----- DATA SEGMENT -----
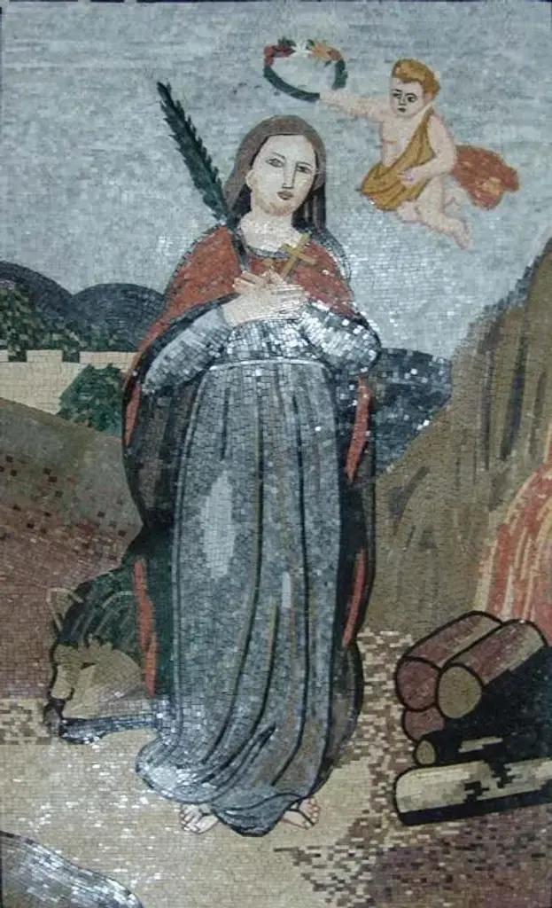 Enhance your space with our exquisite Stone Religious Mosaics Murals, a stunning piece that brings elegance and spirituality to your home. Each mural is meticulously handcrafted from 100% natural marble, ensuring that every detail is both beautiful and durable. This magnificent artwork depicts a serene angel gracefully hovering over Mary as she accepts her crown, capturing a moment of divine grace and poise. The intricate design and vibrant colors of the mosaic create a captivating focal point that resonates with beauty and reverence, making it perfect for those who cherish their faith.Our Stone Religious Mosaics Murals are versatile and can be displayed in various settings. Whether you choose to adorn your entrance corridor or enrich your living room with its charm, this mural is destined to evoke awe and admiration from all who encounter it. Each piece is thoughtfully designed to convey a powerful message of spirituality and hope. The use of natural marble not only signifies quality craftsmanship but also adds a touch of sophistication to your decor. Invest in a Stone Religious Mosaics Mural today and transform your space into a tranquil sanctuary. Ideal for personal use or as a meaningful gift for family and friends, this stunning piece of art will surely become a cherished heirloom for generations to come. Bring the divine into your home with this exceptional work of art that inspires reflection and reverence in every setting.
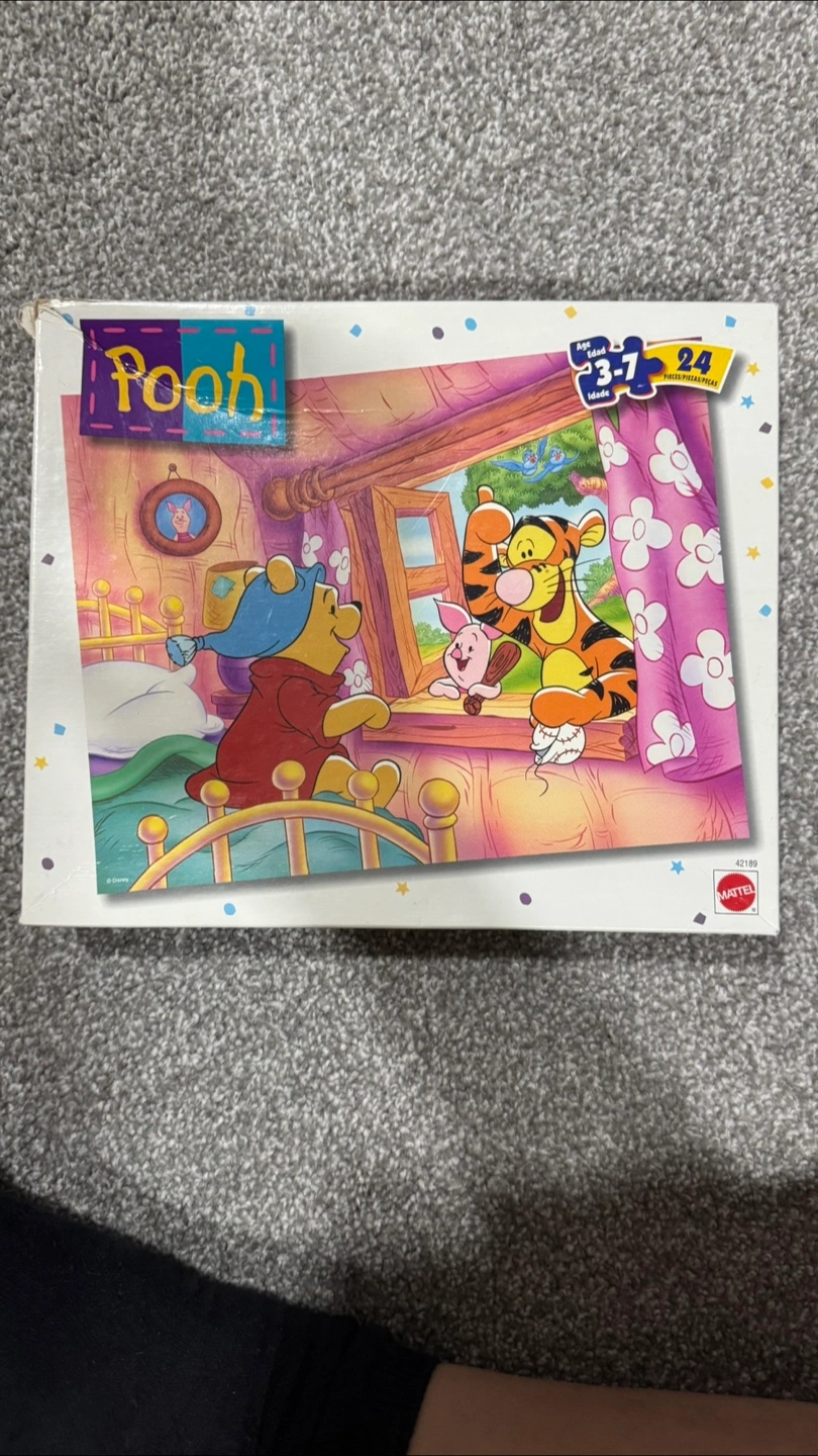 Selling a Winnie the Pooh 24-piece puzzle! It's recommended for ages 3-7. The box is included, and the puzzle pieces are in good condition for hours of fun
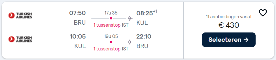 Brussel – Kuala Lumpur – €430
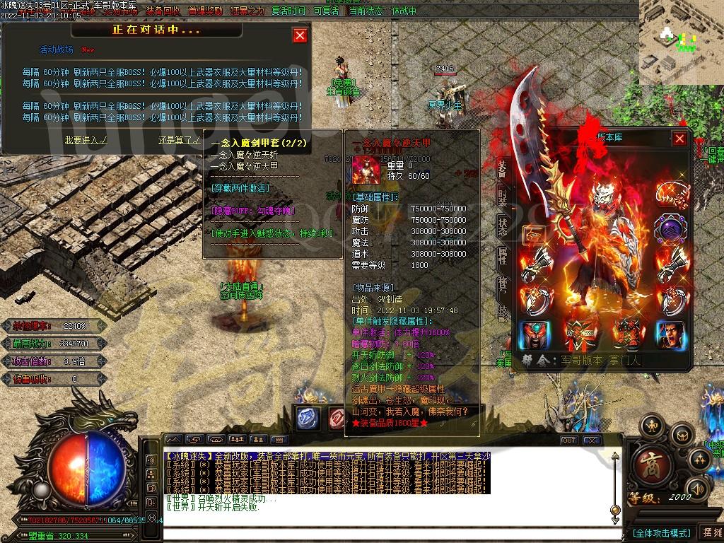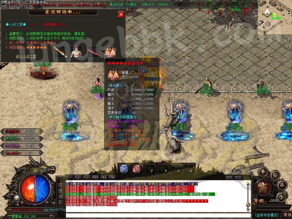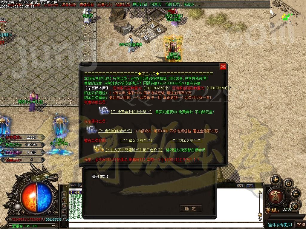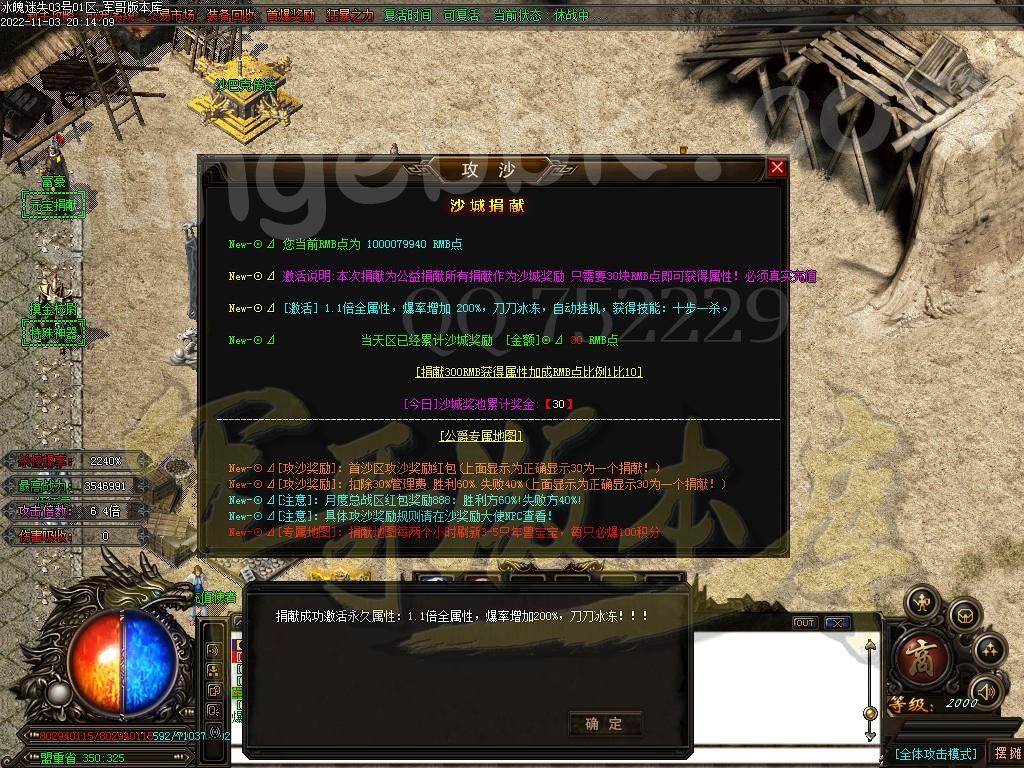 捐献(30)可获得:1.1倍属性 + 200%爆率称号(★公爵★)+ 自动挂机 + 刀刀冰冻 + 十步一杀技能!
-----
#### EXERCISE OBJECTIVE
Reproduce the data verbatim. Do not carry any picture into the copy.

#### OUTPUT FOR THIS TASK
 Enhance your space with our exquisite Stone Religious Mosaics Murals, a stunning piece that brings elegance and spirituality to your home. Each mural is meticulously handcrafted from 100% natural marble, ensuring that every detail is both beautiful and durable. This magnificent artwork depicts a serene angel gracefully hovering over Mary as she accepts her crown, capturing a moment of divine grace and poise. The intricate design and vibrant colors of the mosaic create a captivating focal point that resonates with beauty and reverence, making it perfect for those who cherish their faith.Our Stone Religious Mosaics Murals are versatile and can be displayed in various settings. Whether you choose to adorn your entrance corridor or enrich your living room with its charm, this mural is destined to evoke awe and admiration from all who encounter it. Each piece is thoughtfully designed to convey a powerful message of spirituality and hope. The use of natural marble not only signifies quality craftsmanship but also adds a touch of sophistication to your decor. Invest in a Stone Religious Mosaics Mural today and transform your space into a tranquil sanctuary. Ideal for personal use or as a meaningful gift for family and friends, this stunning piece of art will surely become a cherished heirloom for generations to come. Bring the divine into your home with this exceptional work of art that inspires reflection and reverence in every setting.
 Selling a Winnie the Pooh 24-piece puzzle! It's recommended for ages 3-7. The box is included, and the puzzle pieces are in good condition for hours of fun
 Brussel – Kuala Lumpur – €430
 捐献(30)可获得:1.1倍属性 + 200%爆率称号(★公爵★)+ 自动挂机 + 刀刀冰冻 + 十步一杀技能!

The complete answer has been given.